Wednesday, January 19, 2005

Rob on Analysis

Rob notes that maybe the psychological project is not so bad. First we cannot hope for better -- as we're in no position to distinguish between what is merely our conception of the facts and what the facts are. Second, our access to the facts is mediated by our conceptions (this is the reason for the first claim). So it seems that I was hankering after too much and my frustration was misplaced.

Imagine a scientist who wants to discover what fire is. His colleagues spend their days generating analyses of fire...

Fred: Is it really necessary that fire be hot? I can imagine a cold flame...

Sally: Maybe being fire is a historical property: you have to involve flames in the account, but they need to be non-deviantly caused by rubbing two sticks together.

Fred: I object! Some guy from the School of Forestry once told me that a fire was caused by lightning!

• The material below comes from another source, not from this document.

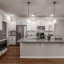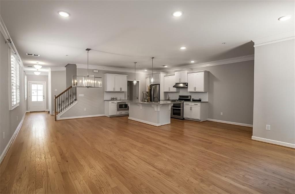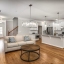 The bright kitchen features stainless steel appliances, white cabinetry, granite counters, and a large island — perfect for entertaining. A spacious dining area flows seamlessly into the living room, creating an ideal space for gatherings.

Sally: Whoah!... Well, that just shows that lightning is a form of stick-rubbing... as Hobbes is well-known to have claimed.

Etc.

The scientist ought to be annoyed: the method of inquiry his colleagues are using doesn't seem to be the sort of thing that ought to reveal the facts about fire. (We know it wouldn't have done the trick. Partly our justification here is empirical: look at how the nature of fire was in fact revealed: it required laboratory work and so forth [hands are waived].)

It seems that the scientist could have provided a more a priori objection: his colleagues were primarily scrutinizing their own minds rather than fire.

Rob's claims would seem out of place if they were made on behalf of the weird fire-science. Now why is that? And, if they are out of place on the behalf of weird science, then, one might have thought, they'd be out of place on behalf of metaphysics.

Of course, Rob should point out, there is a difference between metaphysics and science. I am not sure that the traditional metaphysical questions are amenable to empirical inquiry: we cannot run experiments on causation as we can on fire. Fire is amenable to science because we have a grip on it -- via experience -- independently of our conception of it.

But now I worry: it might be that our access to the facts re: perception is as it would be if we were weird fire-scientists -- which is to say: not really access at all. Their inquiry was unsuited for uncovering the world.

There is some sense in which all our access to the facts (including the facts re: the matter of science) is conception-mediated. I take it that this means something like: people with different conceptions of things will draw different conclusions about what's what. But that this is true, as I guess it probably is (at least in certain domains), doesn't excuse the scientists -- who had some independent grip on the facts (thank you experience!) -- nor does it justify the practice of the analytic metaphysician.

2 Comments:

Blogger Bobcat said...

In response to my defense of (big letters) The Psychological Project, Alex points out an area of inquiry where The Psychological Project is obviously the wrong approach: namely, finding out what fire is. That is, using conceptual analysis to figure out what fire is won't get you very far. As Alex put it, "[the scientist's] colleagues were primarily scrutinizing their own minds rather than fire."

Why is this bad? Because "it might be that our access to the facts re: perception is as it would be if we were weird fire-scientists -- which is to say: not really access at all. Their inquiry was unsuited for uncovering the world."

There's a claim here: analyzing your concepts doesn't uncover anything about the world. Now, I could be persnickety and point out that people and their concepts are part of the world, but I'm not going to do that, because I think there's a useful world/concept distinction. So let me make the claim more precise: analyzing your own concepts about x doesn't uncover anything about what x is independently of your concepts. This to me seems undeniable, because tautologous. But there's a more interesting claim here: undertaking a conceptual analysis of perception won't reveal anything about what perception actually is, that is perception independent of our concepts of perception.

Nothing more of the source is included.